E os resultados de todas as suas conivências e conferências, prêmios Nobel e seminários, documentos e propostas políticas sempre tão inteligentes?

Bem, todos sabemos que – desde lucros que queimam o planeta a empresas energéticas privadas que congelam os aposentados no inverno, desde bancos alimentares a bancos-sombra que concentram a riqueza retirada das pessoas em tão poucas mãos, o mundo parece por vezes ser gerido por uns poucos arqui-megalômanos.

Se alguém criasse uma instituição erudita para treinar ladrões, haveria um clamor. Mas foi isto que o mundo tolerou na Sociedade Mont Pelerin e no seu primo próximo, o Grupo Bilderberg, a cujas reuniões até alguns sindicalistas iludidos acompanharam.

Há muitos livros e vídeos brilhantes sobre como a agenda neoliberal tem influenciado a evolução mundial e os principais políticos. O Partido Democrata nos EUA sob a liderança de Bill Clinton e o Partido Trabalhista no Reino Unido sob a liderança de Tony Blair engoliram o elixir do extremismo.

Mas nada dura para sempre.
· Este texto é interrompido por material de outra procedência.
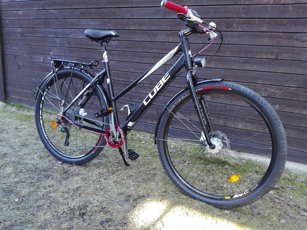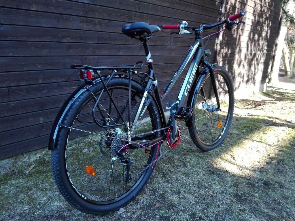Vaimolle ajattelin pyörän kasailla, kun osia oli jonkun verran jäänyt laatikkoon (takakiekko, keula, tanko, voimansiirron osia yms.) Eipä siihen muuta tarvittu kuin viidenkympin poistorunko Bike-Discountista, ja vähän satulaa ja putkiosaa kaveriksi. Dynamokiekon kasailin osista. 1*10 voimasiirto tuli päivitykseen menneestä pojan pyörästä ja Shimanon M396 levarit kaveriksi. Maastopyörää ei siis halunnut, vaan hybridin mutta ahdoin joka tapauksessa runkoon Spessun S-Works Renegadet renkaiksi, jos ilmatila toisi vähän mukavuutta matkantekoon.

Os gurus de ontem são os gurus de amanhã.

A única forma de enfrentar a Covid-19 tem sido através da intervenção do Estado, ações governamentais, planejamento, orçamentos públicos, através de prestadores de serviços públicos tomando providências clínicas e preventivas, e pesquisando desenvolvimentos, modelando estatísticas, e investindo fundos públicos no desenvolvimento de vacinas.
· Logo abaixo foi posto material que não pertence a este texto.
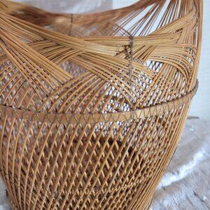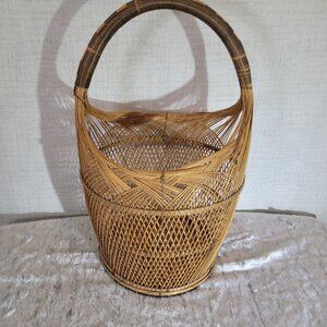 Wicker Basket 8x16x8 Dark Handle Storage Decor Organization Natural Weave Design

A Covid-19 tem sido, portanto, reduzida nos países capitalistas através da adopção de “medidas socialistas” de protecção e melhoria social, coordenação central e planejamento.

Onde os países se assumem socialistas, a Covid-19 tem sido gerida de forma muito eficaz, em grande contraste com as nações capitalistas.

Não admira que a Sociedade Mont Pelerin esteja ansiosa pela sua conferência deste ano em Oslo, no m6es de outubro, para disparar alguns volts na sua máquina de suporte de vida.

O mundo enlouqueceu e teve de começar a cuidar novamente das pessoas e investir em ciência e tecnologia e planejar programas de vacinação, pelo que Frankenstein deve, pensa a Sociedade, ser abalado pela vida e a produção e circulação de vacinas deve ser deixada aos seus amigos traficantes de carros em segunda mão.

Mas as reuniões mais importantes este ano serão todas aquelas que celebram e discutem as políticas necessárias para substituir a mão morta do neoliberalismo. A Federação Geral dos Sindicatos e os nossos companheiros irão reunir-se, não na Suíça, mas mais perto de casa onde os trabalhadores se reúnem, para popularizar uma nova economia para o povo.

2022 é o ano para começar o fim da economia neoliberal, e não devemos ser reticentes quanto ao seu desaparecimento.